Herod the Great understood that you cannot be king and let this Jesus near your kingdom.


That’s a lesson I learned. That’s also a lesson my son learned. You’ve heard of my son Herod Antipas? (One of the sons I didn’t kill.) Herod Antipas, tetrarch of Galilee and Perea, is the son of mine who killed John the Baptist. Beheaded him in prison. I would have done the same thing. The guy was totally a threat. And then, guess who shows up in his realm? Jesus as an adult!

This Jesus, the same one I had tried to kill when he was an infant, was put on trial before Pontius Pilate, governor in Judea in the South. My son Herod Antipas was in town, even though he was the tetrarch in the North. Pilate sent Jesus to my son, who then sent Jesus back to Pontius Pilate, and then Pilate had Jesus crucified.

Again: this Jesus is dangerous. You cannot be king and let this Jesus live. And he’s not just dangerous to a guy like me by taking my title of “King of the Jews.” He’s also incredibly dangerous to people like you. Because you open the gates of your kingdom to him? You let him in? You let him into the life of which you’ve been ruler?

He’ll start calling the shots. He’ll start demanding the keys. Pretty soon, he’ll be the one wearing the crown.

And you won’t be the hero of your story anymore. He’ll be hero of your story. And your story will get inserted as just one part of his story.

And is that what you want?


Of all the people in the Christmas narrative, Herod the Great understood the threat Jesus poses to our kingly pretensions.

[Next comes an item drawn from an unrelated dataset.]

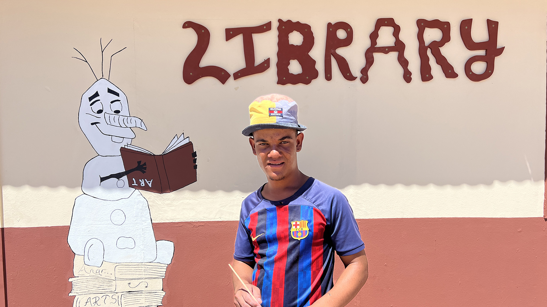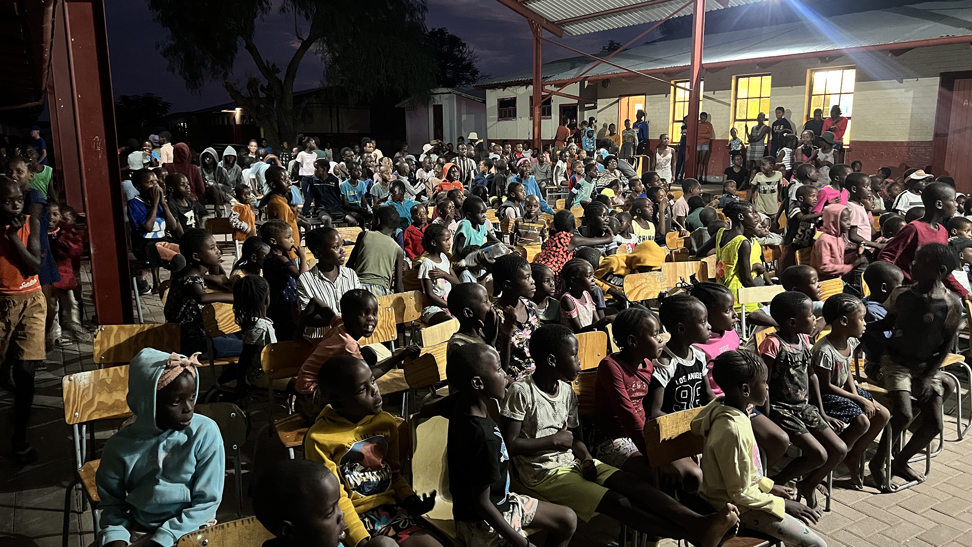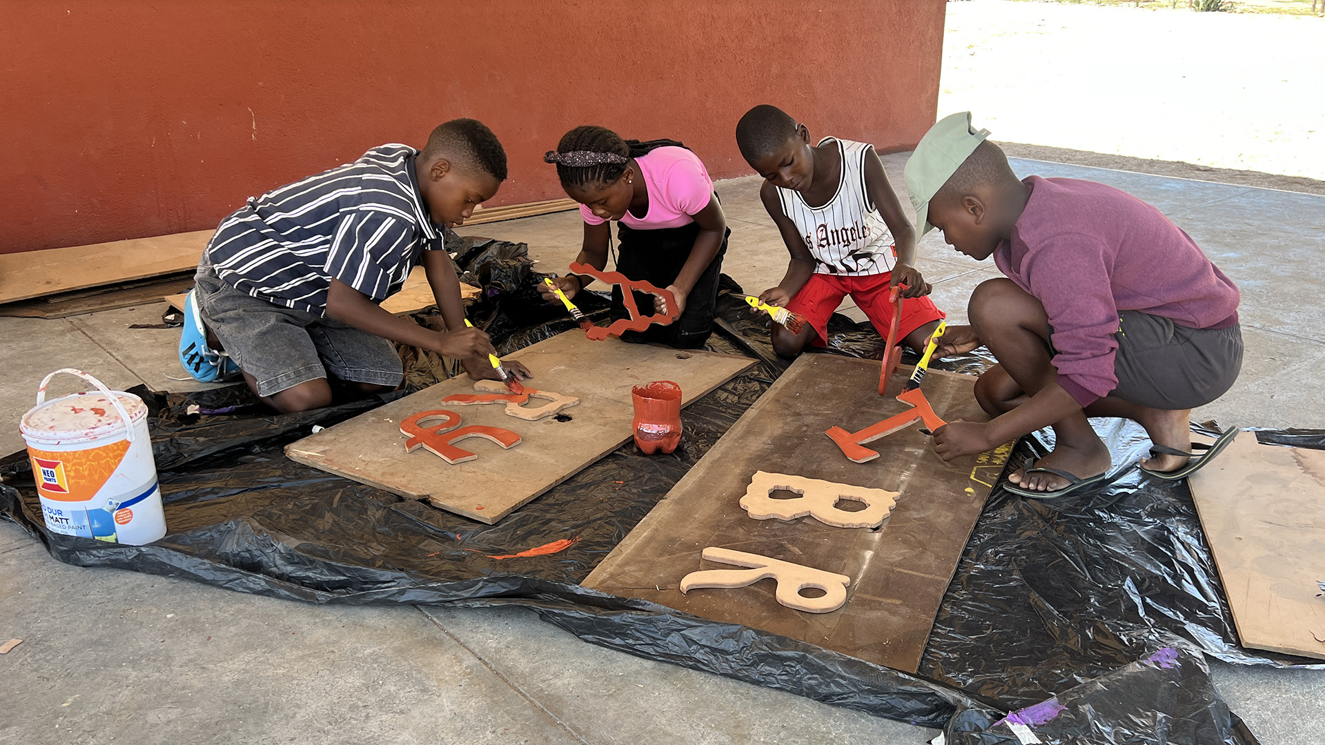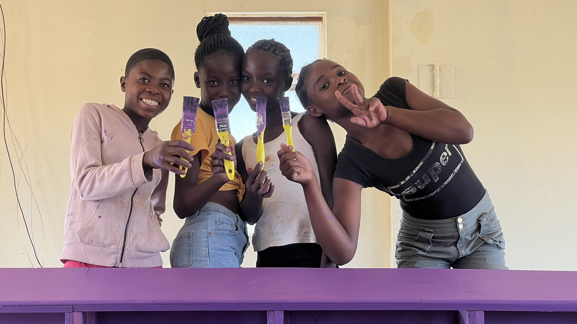 Even after 17 years, the school garden at Kalkfeld Primary School is still thriving, not only thanks to the green shade roof, but also thanks to the dedicated work of Mr. Marcelus, our gardening assistant. Knowledge is also shared in the nursery, for example about seedlings and cuttings. / In 2024, we were able to complete the exterior renovation of the classrooms that had previously been relocated and already renovated on the inside. Mr. Paco, Mr. Harry, and Mr. Marcelus did a great job, often using recycled materials. The former mobile classrooms are now firmly anchored and electrified, creating new, functional learning spaces with few resources. One room became the new school library: “Why do you like the library?” – “Because it’s PURPLE!” / Shawn, a former student, designed the “art on the building,” and Mr. Festus, a library science student, manages the new library, which we opened in February. / We also tackled the long-standing restroom problem this year. The toilet block for the students was completely renovated – with a new roof, new pipes, and better visibility thanks to staggered entrances. In addition, we were able to build two new teachers’ toilets in a storage room, as a single toilet for 19 teachers and staff on the large campus was simply not enough. / A special highlight: the Namibian premiere of our new film ClassRoomSculpture (2023) in the school hall. The documentary shows the three new classrooms as a socially engaged sculpture—with teachers, students, and parents in the leading roles. An emotional, celebrated moment. / In addition, we were able to offer numerous workshops, from “Tomato Transplant” to “Library Typo” to “Girlstalk” with Ms. Ronna and Ms. Petra. / The GO BEAM Academy also continues to grow: at the GO BEAM Kindergarten, Ms. Christophine and Ms. Isolda inspire the youngest children with playful learning. The GO BEAM Afternoon Classes are supported by former students – and there is even a computer lab in the works! Ms. Matilda !Kharuchas, former headmistress of the Primary School and director of the GO BEAM Academy, keeps everything running smoothly.
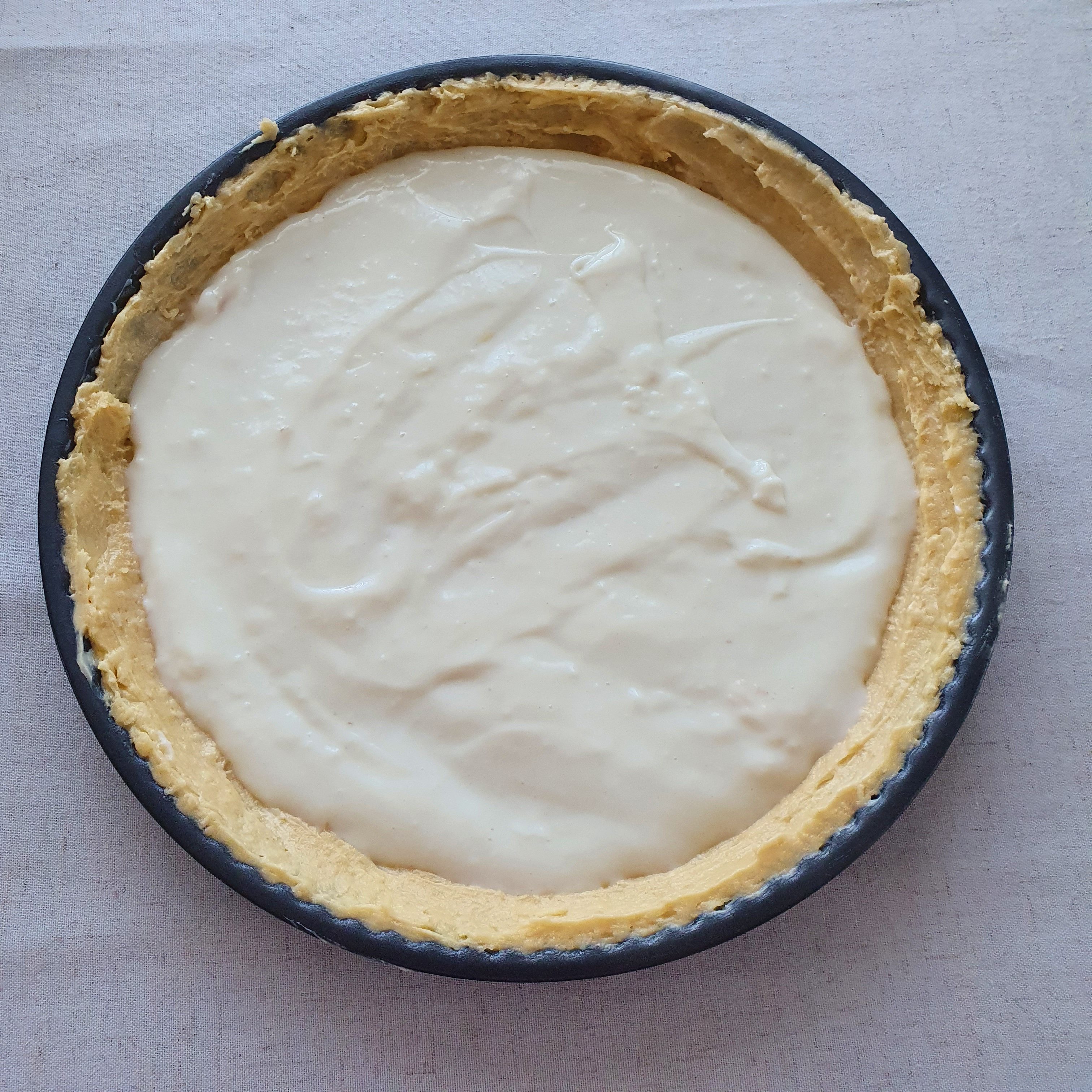 Pour the cooled filling, being careful to keep it under the edge of the base so that it does not burn during baking.

Pretty soon, he’ll have you praying things like, “Your kingdom come; Your will be done.”

You know, I had a really stupid royal advisor. One of the guys who’s supposed to give the king advice. And I’ll never forget, he gave me the worst advice I’d ever heard. I was giving the orders to go to Bethlehem and kill the baby boys. To get rid of this baby born king of the Jews, you know?

And this advisor of mine, you know what he said? He said—and he was really emotional about it—he said, “But your majesty, it’s only a baby.”

Only a baby!

Only a baby who would grow up to be a man who would be proclaimed king. And I don’t know if you’ve read any of these prophecies about the coming Messiah, but they’re wild. According to the prophecies, he will be a king whose kingdom expands over the entire world. By claiming to be king, this guy’s not messing around. If you let him, he will be king of everything.

Listen, listen, listen: If you don’t take care of the threat, he’ll knock you, kings and queens of your own life, you with your personal kingdoms you’re building, off your throne. This Jesus is not some cute baby that deserves your oohs and ahs. He’s a serious threat to your kingdom.